**Data excerpt:**

* * * * * * * * *

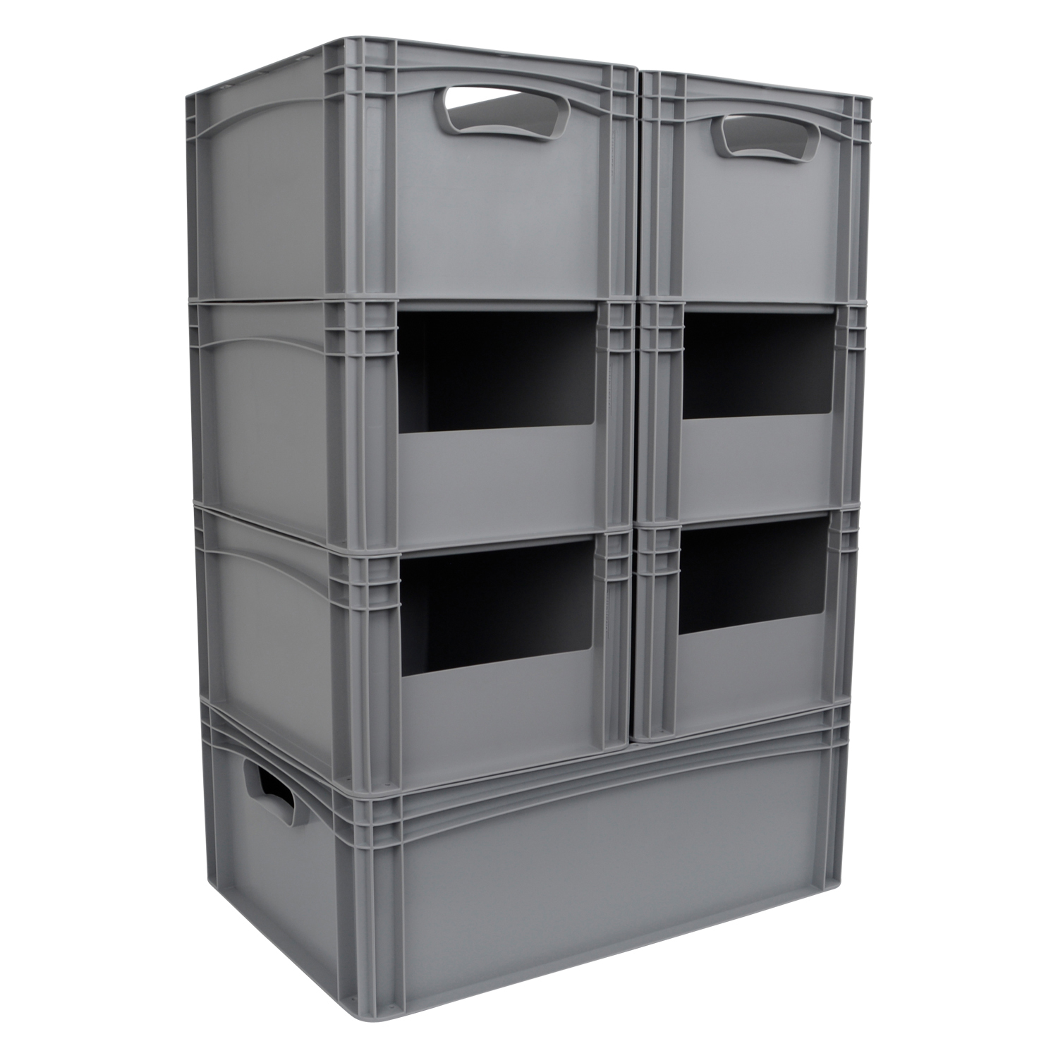 Die Eurobehälter unser ESB-Serie sorgen für Ordnung. Die Boxen sind in unterschiedlichen Größen erhältlich und stapelbar. Dadurch können Sie auf kleinem Raum viele Sachen lagern.
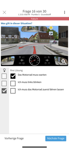 Es ist im übrigen völlig Wurst. 1301-129-M Wie verhalten Sie sich hier richtig. Was gilt in dieser Situation Ich muss das Motorrad zuerst fahren lassen.
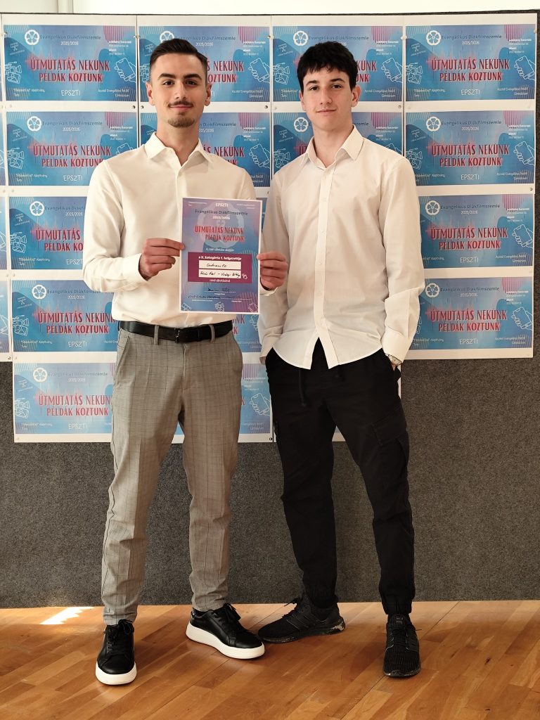 1. Virányi Zétény és Jónás Ábel 11.C osztályos diákok a Cantemus kórus 50. jubileumi előadásáról készített kisfilmjükkel az “Útmutatás nekünk, példák közöttünk” kategóriában első helyezést értek el.

* * * * * * * * *

**What the task requires:**
A word-for-word copy of the material is required; pictures stay out of it.

**Output for this exercise:**
 Die Eurobehälter unser ESB-Serie sorgen für Ordnung. Die Boxen sind in unterschiedlichen Größen erhältlich und stapelbar. Dadurch können Sie auf kleinem Raum viele Sachen lagern.
 Es ist im übrigen völlig Wurst. 1301-129-M Wie verhalten Sie sich hier richtig. Was gilt in dieser Situation Ich muss das Motorrad zuerst fahren lassen.
 1. Virányi Zétény és Jónás Ábel 11.C osztályos diákok a Cantemus kórus 50. jubileumi előadásáról készített kisfilmjükkel az “Útmutatás nekünk, példák közöttünk” kategóriában első helyezést értek el.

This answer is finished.